強制連結法

強制連結法とは

強制連結法(compulsory linkage)は、教師が学習者のレディネス(既有スキーマ・準備性・既習度)や課題解決における思考過程を知るための手法です。

強制連結の方法

強制連結は、発端部と帰結部に入る2つのキーワードを与え、学習者が途中に関連するスキーマを連想しながら挿入し、2つのキーワードを連結(リンク)していきます。外化されたスキーマの数や連結の論理性・妥当性などから、学習者のレディネスを把握することができます。

強制連結の具体例

例えば、発端部に「ロケット」、帰結部に「ジャガイモ」というキーワードを設定します。この2つのキーワードの間に連想によってスキーマを書き出し、帰結キーワードまで連結します。

下図は、日本人大学生とミャンマー人留学生による強制連結の例です。日本人大学生が、「ロケット」から「カウントダウン」、「宇宙」、「NASA」などの単語を連想しているのに対し、ミャンマー人留学生は、「ロケット」から「兵器・戦争」を連想しています。このことから、日本人大学生とミャンマー人留学生の思考がまったく異なっていることがわかります。

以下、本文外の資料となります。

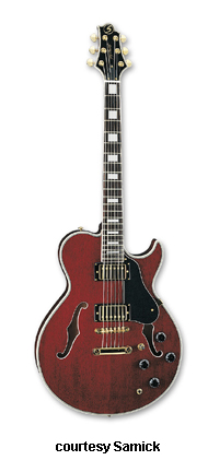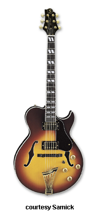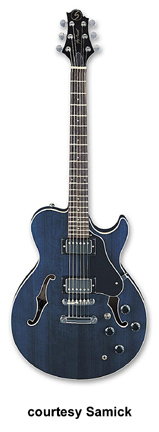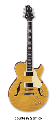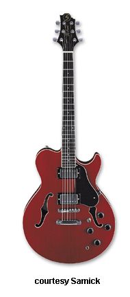 RL 3 | - single cutaway hollowbody, quilted maple arched top, striped mahogany back and sides, set neck, 22-fret rosewood fingerboard with trapezoid inlay, two Duncan Designed humbucker pickups, three-per-side Grover tuners, black pickguard, four knobs (two v, two tone), three-way switch, available in Amber, Original Sunburst, Trans. Red, or Vintage Sunburst finish, mfg. 2001-present. |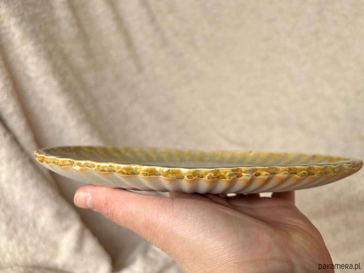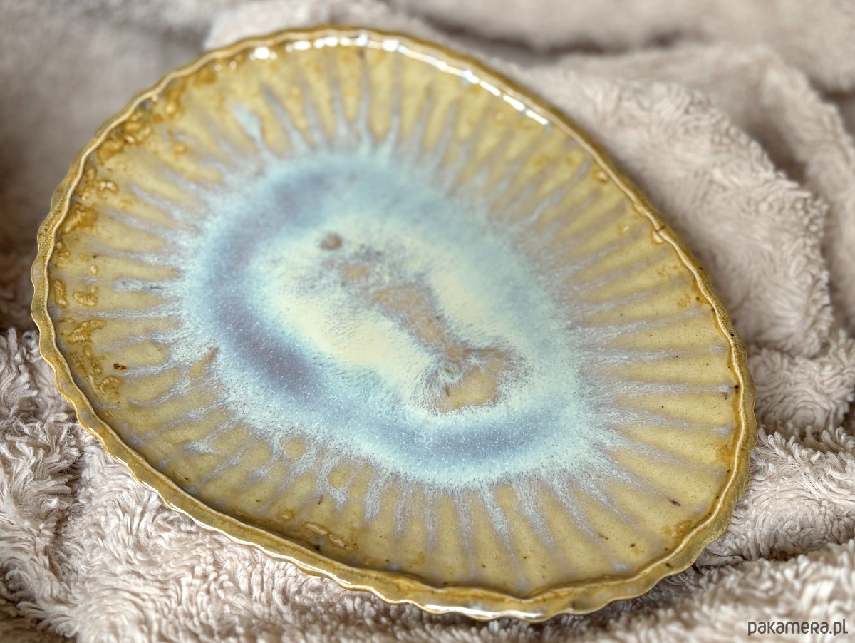 Ceramiczny talerz "Perła" to przykład ceramiki, która przyciąga spojrzenia. Boki talerza nawiązujące do kształtu muszli i szkliwo tworzące wzór na miarę masy perłowej wpisują się w marynistyczny klimat i przypominają o beztrosce patrzenia na morskie fale.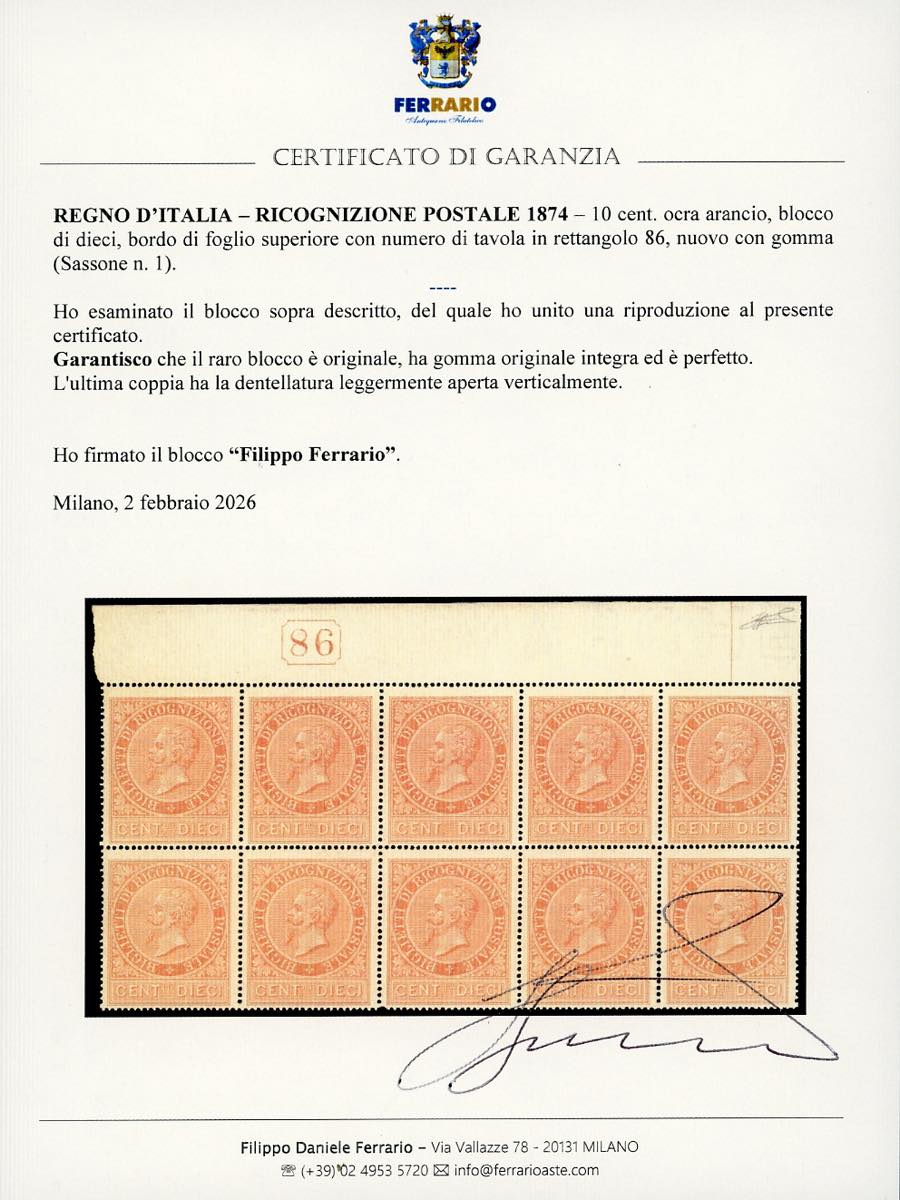 1874 - 10 cent. ocra arancio (1), eccezionale blocco di 10 esemplari, bordo di foglio superiore con numero di tavola in rettangolo 86, nuovo, gomma originale integra, perfetto. L'ultima coppia ha la dentellatura leggermente aperta verticalmente. Insieme splendido e raro. Cert. Ferrario.
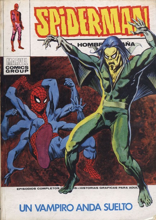 Así, por ejemplo, mi lectura marvelita comenzó leyendo dos tebeos de Spiderman, los números 22 (El artero Lagarto) y 24 (Las alas del Buitre), a los que unas semanas después añadí un tercero, el 48 (Un vampiro anda suelto). Los dos primeros se caracterizaban por su dibujo agradable, pródigo en rostros bellos (sobre todo de las chicas) y narraban dos historias que permitían familiarizarse con rapidez con el entorno habitual de ese joven estudiante universitario, Peter Parker, cuya personalidad secreta se entromete continuamente con la privada, combatiendo en este caso a dos de sus villanos clásicos. En cambio, el 48 contaba una historia increíblemente siniestra, en la que a Spiderman le han salido cuatro brazos extra, convirtiéndolo en una verdadera araña humana, mientras persigue a un vampiro de rostro horripilante. Un planteamiento más propio del terror, a lo que contribuía un dibujo notoriamente distinto al anterior, más áspero, mucho menos «bonito» (por ejemplo, la chica que le gustaba a Peter, Gwen Stacy, aparecía fugazmente —¡y ya era su novia!—, ahora aparecía mucho menos guapa).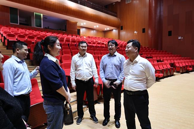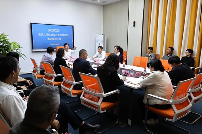 3月6日,省旅文厅党组书记、厅长陈铁军,人事处处长李恩、艺术处处长孙瑜辰、办公室副主任方才立一行莅临beat365调研指导工作,beat365党总支书记、校长莫青桥,副校长汪红、王枢,各科室主要负责人等陪同调研。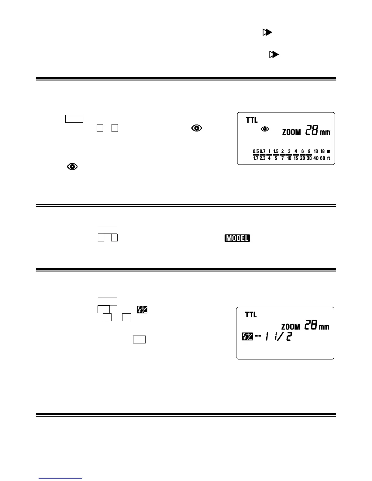 Premere MODE per impostare il modo di funzionamento del flash (TTL, M)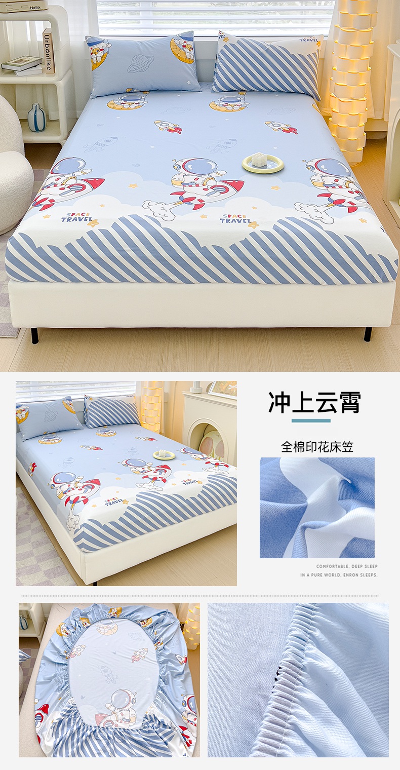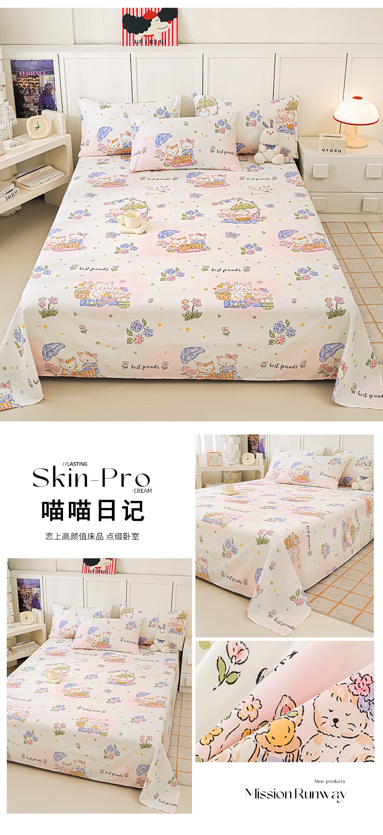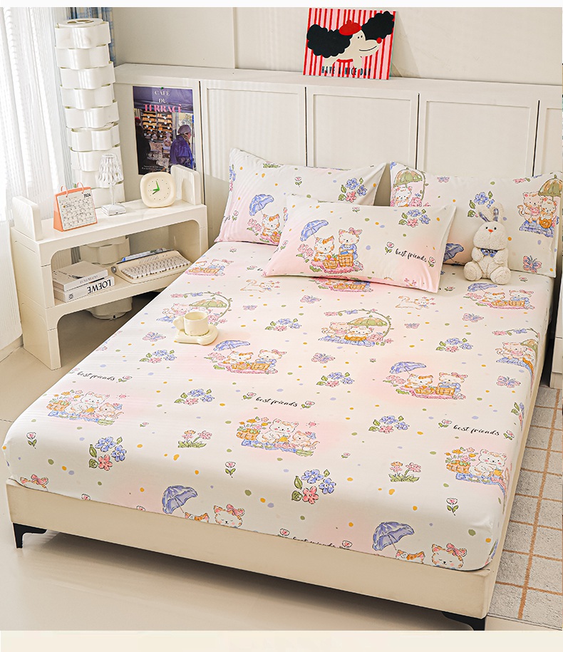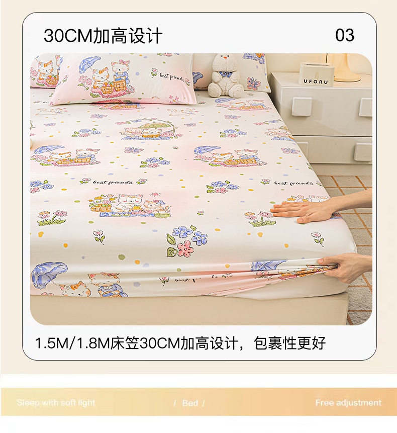 金鑫汇家纺 2025新款13070全棉好卖花型套件系列-单床笠 喵喵日记

このとき、教師が留学生に対して、「NASA」→「アメリカ」→「ファーストフード」といった授業展開をしてしまうと、学生は自分のもっている既有知識とリンクすることができません。つまり、授業展開をイメージ化することができないために理解することが難しくなってしまいます。

教師は、学習者が2つのキーワード間をどのような単語と順序で連結していったかを分析することによって、学習者の既有知識や技能・経験、興味関心の方向性などをあらかじめ把握することができます。この分析結果に基づいて、学習者の特性と学習テーマの特徴にもっともふさわしい授業設計を行えば、教師と学習者間の思考のズレを防ぎ、学習者にとって「わかる授業」を展開することができるでしょう。

強制連結法の例

強制連結法による授業設計

教師が授業を設計する一つの手法として、強制連結法を利用することができます。強制連結法は、与えられた2つのキーワードをもとに関連するスキーマを連結するものです。教師が強制連結法を実施した場合、授業内容の論理性や妥当性を確認することはできても、学習者を意識しない一方的な論理展開になります。そのため、誰に、何を伝えたいのか、対象者と目標をまず明確にすることが必要です。

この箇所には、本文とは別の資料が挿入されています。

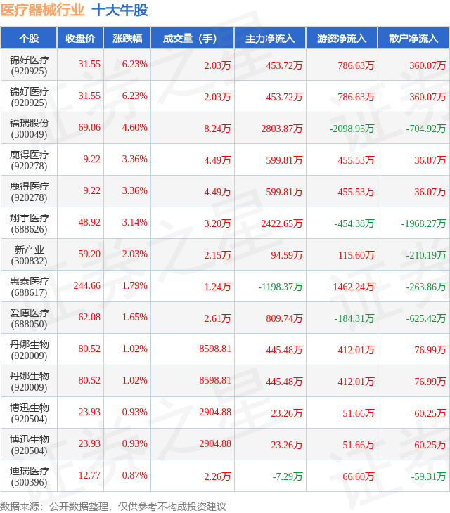 个股表现方面,医疗器械行业当日领涨股为锦好医疗(920925),该股当日报收31.55,上涨6.23%,成交量2.03万,主力资金净流入453.72万元。锦好医疗(920925)以上涨6.23%紧随其后,该股当日成交量2.03万,主力资金净流入453.72万元。除此之外,福瑞股份(300049)、鹿得医疗(920278)、鹿得医疗(920278)均进入当日牛股之列。具体个股列表见下表: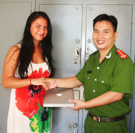 Ngày 17-6, Đội Cảnh sát điều tra tội phạm về trật tự xã hội Công an TP. Nha Trang tiến hành trao trả chiếc máy tính xách tay hiệu MacBook Air (trị giá hơn 10 triệu đồng) cho chị Olena Feiabova (27 tuổi, quốc tịch Ukraina), lưu trú tại một căn nhà cho thuê trên đường Nguyễn Thiện Thuật, phường Tân Lập, TP. Nha Trang.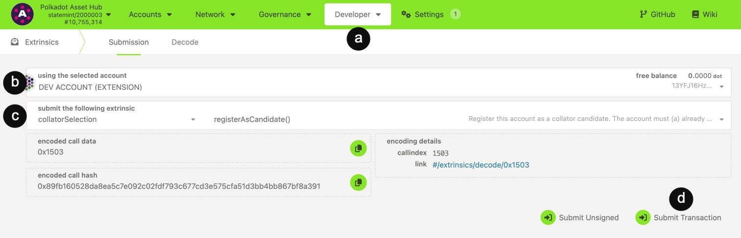 collatorSelection.registerAsCandidate. - Click Submit Transaction and sign the transaction. The required bond amount will be automatically reserved from your account based on the pallet's configured

授業設計に利用する強制連結の概念図を下に示します。2つのキーワードとして、発端部には「対象者(誰に伝えるのか)」を、帰結部には「学習目標(何を伝えるのか)」を設定します。

授業設計に利用する強制連結法の概念図

例えば、高齢者(シルバー大学受講生)を対象として、「SARS」について興味関心をもってもらうよう動機付け(導入段階)のための授業設計を考えてみます。強制連結の記入シートには、発端部に「高齢者」、帰結部に「SARS」が入ることになります。そして、高齢者にとって身近で馴染み深い事柄を連結していくことでわかりやすい論理展開を図りたいと考えます。それでは、連結例を確認してみましょう。

連結スキーマ
高齢者
第二次世界大戦
戦後
科学技術の発展
湯川秀樹
ノーベル賞
コッホ
結核
集団感染症
SARS

まず、高齢者について、「第二次世界大戦」前後くらいの年齢層ではないかと考えました。第二次世界大戦の後、日本は「戦後」という時代を迎え、日本の再興と共に「科学技術が再び発展」した時代ではないかと思います。その頃、日本で一躍注目を浴びた人物に「湯川秀樹」という人物がいます。湯川秀樹は、日本で一番初めに「ノーベル賞」を獲得した人物です。ノーベル賞と言えば、同様に有名な人物に「コッホ」という人物がいます。コッホは、「結核菌」を発見した人物として大変有名です。結核と言えば、戦後日本で「集団感染症」として蔓延した病気です。そして、現在蔓延している集団感染症が「SARS」です。

強制連結法のねらい

教師には、学習者にとって「わかる授業」「楽しい授業」を実践することが求められます。そのためには、学習者のレディネスに配慮することが重要です。強制連結法を学習者に実施することによって、学習者の背景知識や既有知識をあらかじめ把握することができます。教師は、これを踏まえて、学習者にとって馴染みの深い事柄を授業の発端とし、わかりやすい論理展開によって学習の到着目標まで導くことが可能となります。

さらに、学習テーマが学習者の興味を引き付けるものであれば、自分の力で課題を解決していこうとし、学習意欲は持続するでしょう。学習者は、自分の既有知識と学習内容を関連づけることで新しい知識を再構築することができ、より主体的に学習活動に参加することができます。

強制連結法は、教師が学習者の既有知識や経験を測るだけでなく、学習者自身が自らの思考経路を把握することができます。そのため、論理的な思考力、課題解決能力、相手の立場にたった論理展開などを学習者に総合的に学ばせることが可能です。